# Morels in New York



## vabb9 (Sep 11, 2014)

Hey everyone. I am living in South Carolina and found my first morels (about 13 lbs total between four of us) and am coming back home to NY in the summer (May 15th). Was wondering what areas might be best to check out that are closest to Long Island and what times you guys normally see them fruiting. I am not expecting exact spots haha i know how it goes.


----------



## beerstalker (May 12, 2013)

May 15th should be end season-don't bother unpacking-get out and storm the woods-funny think happened last year-I was about a week late for my honeyhole-and all I saw were 6-8'' cleared spots all over the ground-looked to me like squirrels got them.I found 1 morel-very sad year-Anyone else ever have a situation like this??


----------



## vabb9 (Sep 11, 2014)

Man that is sad news. What part of NY are you in?


----------



## beerstalker (May 12, 2013)

Sussex Co NJ/Sullivan Co NY. Went to a spot in NJ today-Nothin yet,Patience, , , ,GRRRRR


----------



## fogwhisper (Oct 18, 2012)

Should be very soon for you beerstalker


----------



## vabb9 (Sep 11, 2014)

You think the 15th is going to be too late? I am dying to get some more morels.


----------



## jcumo saratoga (Oct 17, 2012)

I found them the 1st weekend in june last year but that was north of lake george


----------



## hotsauce (May 18, 2015)

I created an account just to come and give you some encouragement. Much like you, I found my first morels last year. I was still novice, so I only took about ~25% of the mushrooms I found.

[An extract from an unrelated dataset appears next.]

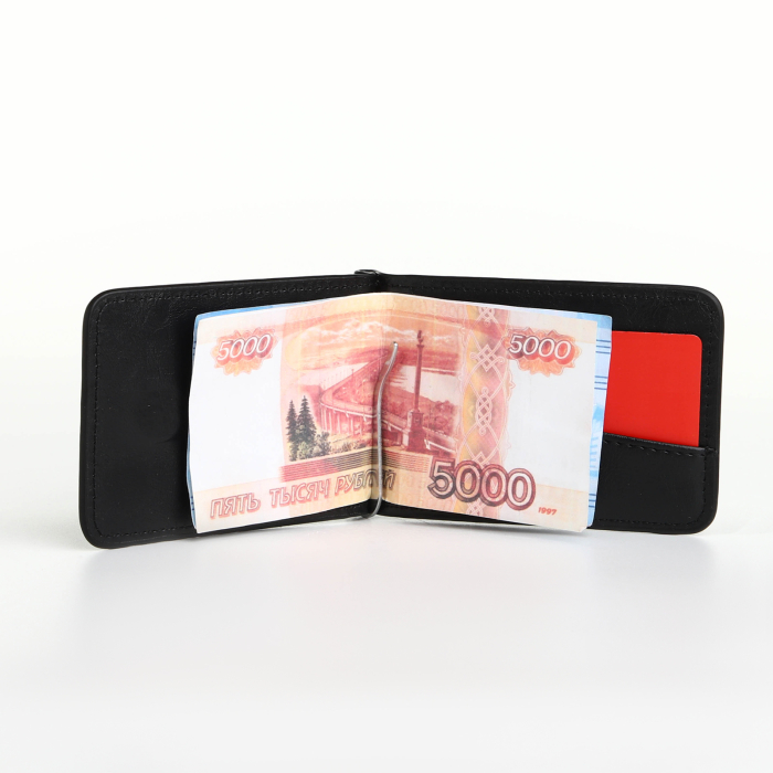 Зажим для купюр "Прайм", отдел для карт, монет, цвет чёрный

After experiencing the culinary delight that ensued I was kicking myself for not having collected more. 

I found them on May 25th to be exact (Memorial Day weekend) in Lake George and will be returning to my spot this Memorial Day to try my luck again. 

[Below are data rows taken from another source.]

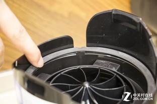 产品本身重量非常轻,净重达到了3.2KG。而且结构简单,容易拆卸。无论是要查看马达的工作状况还是要更换滤网,只需要轻按产品两侧的圆形按钮,便可取下产品的上半部分。
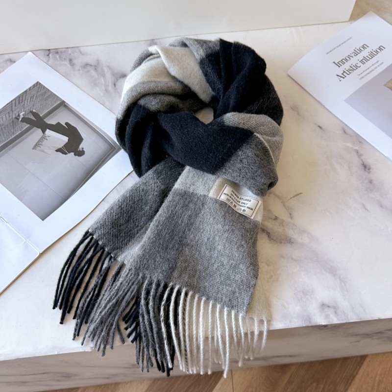 黑白格子纯羊毛围巾男女情侣保暖围脖学生披肩送礼物盒冬季实用
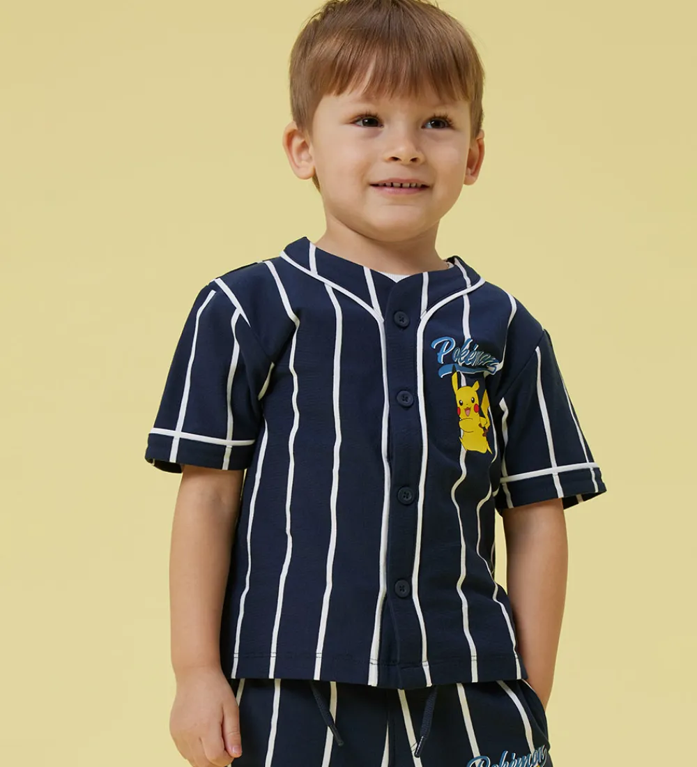 T-shirten har et iøjnefaldende print af Pikachu og tekst, der tilfører et karakterfuldt udtryk. Name It t-shirten har gennemgående trykknapper foran, der giver et moderne twist til det traditionelle design. Den har korte ærmer og en komfortabel pasform.

I'm not sure if last year was just a late year but I still have hope for this weekend! Any NYers having any luck this season?


----------



## gmichael7 (May 4, 2014)

I'm here in Saratoga, and have been discouraged from going out due to the dryness and heat. This week has a couple of rain chances, and some cool-downs over night, but this is nothing like the conditions from last year when I found a bumper-crop down in the mid-hudson valley. I'd love to go up near Lake George, but I'm still new to the upstate area . Hey hotsauce - I make some killer hot sauce and will trade a few big bottles for a few pointers on Lake George area foraging sites!


----------



## hotsauce (May 18, 2015)

My spot is lakeside - literally a stone's throw from the water. I'll be broadening my search this year and I'll report back if I find anything worth sharing.


----------



## jcumo saratoga (Oct 17, 2012)

@gmichael7

Im in Saratoga too. This season has been rough. Havnt found a single one. Found a couple of oysters drying out the other day. I went to a spot in Lake George over the weekend that I had found them before and there was nothing.


----------